J Charania, A Khan
amenorrhea, cytogenetic, karyotyping, menstruation disorders, turner syndrome.
J Charania, A Khan. Cytogenetic Study In Patients With Menstruation Disorders. The Internet Journal of Human Anatomy. 2010 Volume 2 Number 1.
Primary amenorrhea, secondary amenorrhea, oligomenorrhea and hypomenorrhea are usually referred for cytogenetic evaluation. The study was conducted over a period of 24 months. The patients diagnosed by clinical departments as menstruation disorder cases were included in the study. The chromosomes were obtained using conventional short term culture method. There was a striking finding of 46XY patients in 6 cases.

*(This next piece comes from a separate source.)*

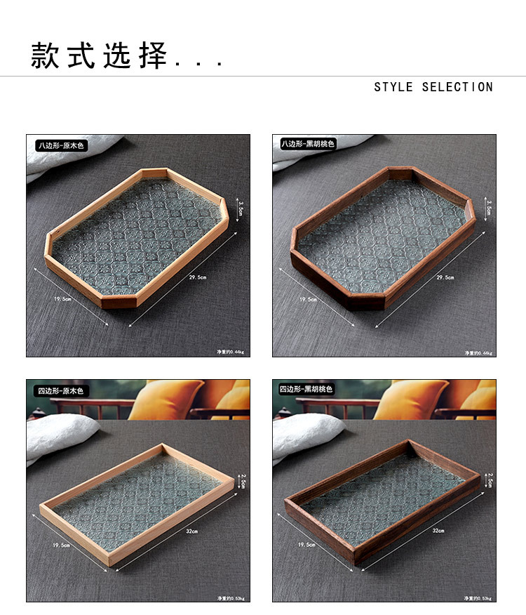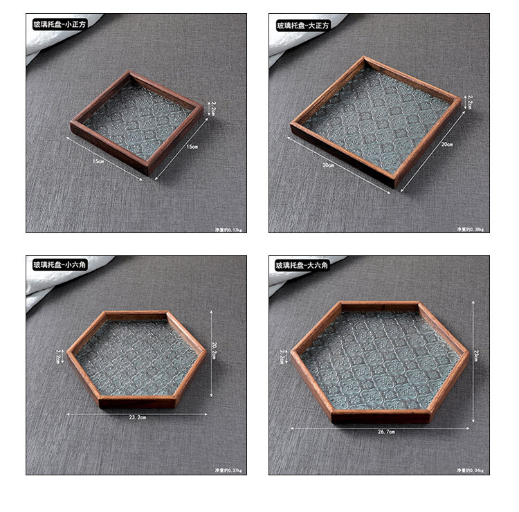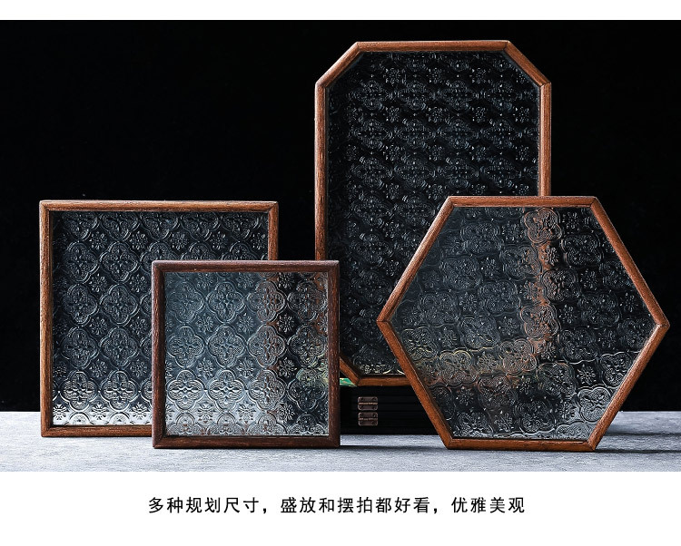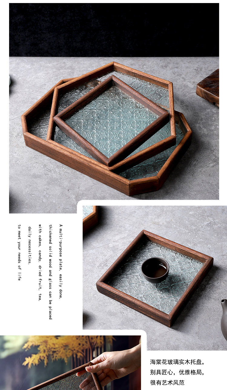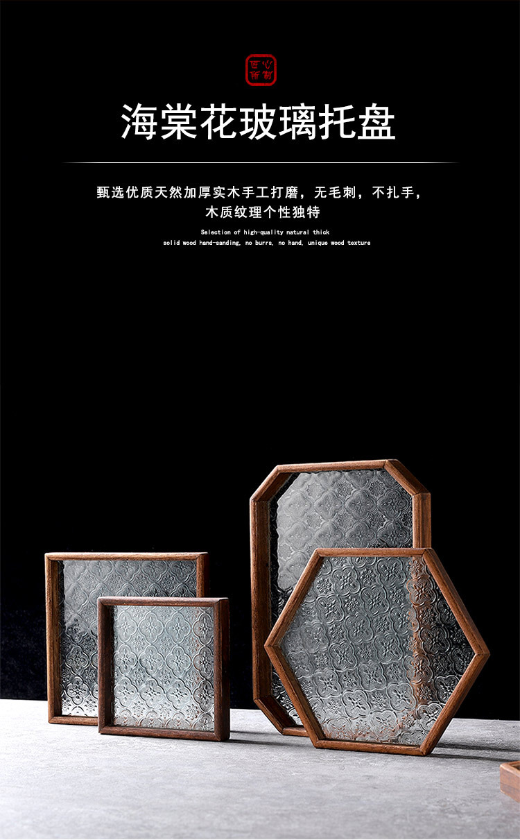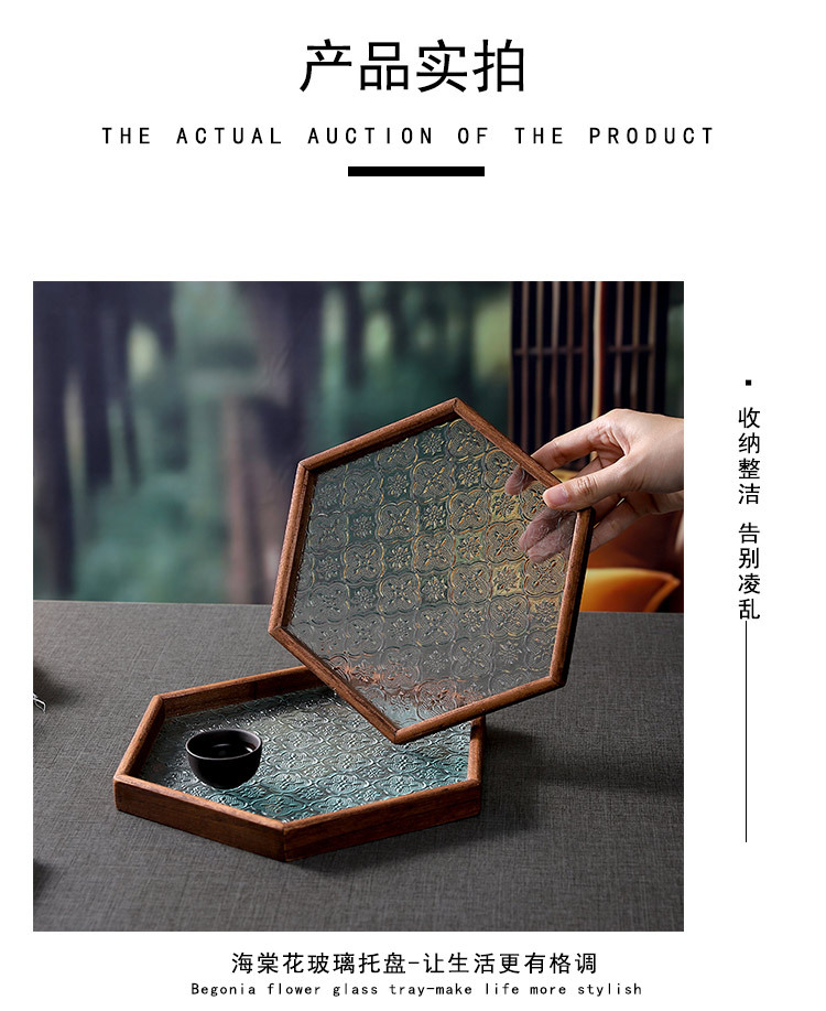 다각형 베고니아 꽃 유리 트레이 새로운 중국 마름모 차 트레이 솔리드 우드 디쉬 포인트 다도 세트 저장 트레이스토어 가기

Only 2 patients were seen with Turner syndrome. The remaining 7 patients had mosaicism. Only one patient had isochromosome.Aims: The study was undertaken to evaluate the chromosomal causes and their frequency in relation to menstruation disorders. The authors wanted to compare the data of this study with previous studies.Settings and Design: Hundred cases referred for the complaints of menstruation disorders were included in the study which was conducted over a period of 24 months.Methods and Material:Chromosomes were obtained through conventional short term culture method. Karyotype was prepared and analyzed after arranging the chromosomes according to Denver classification. Statistical analysis used: Nil.Results: Out of 100 patients 16 showed abnormal chromosome complement. Other patients had normal complement.There were six cases with 46XY complement. Only two patients had Turner syndrome. Remaining seven patients had mosaicism and one patient had isochromosome.Conclusions:Male chromosomal complement has been discovered in normal looking phenotypic females in present study. Therefore it is recommended that Cytogenetic study be carried out in evaluating cases of amenorrhea.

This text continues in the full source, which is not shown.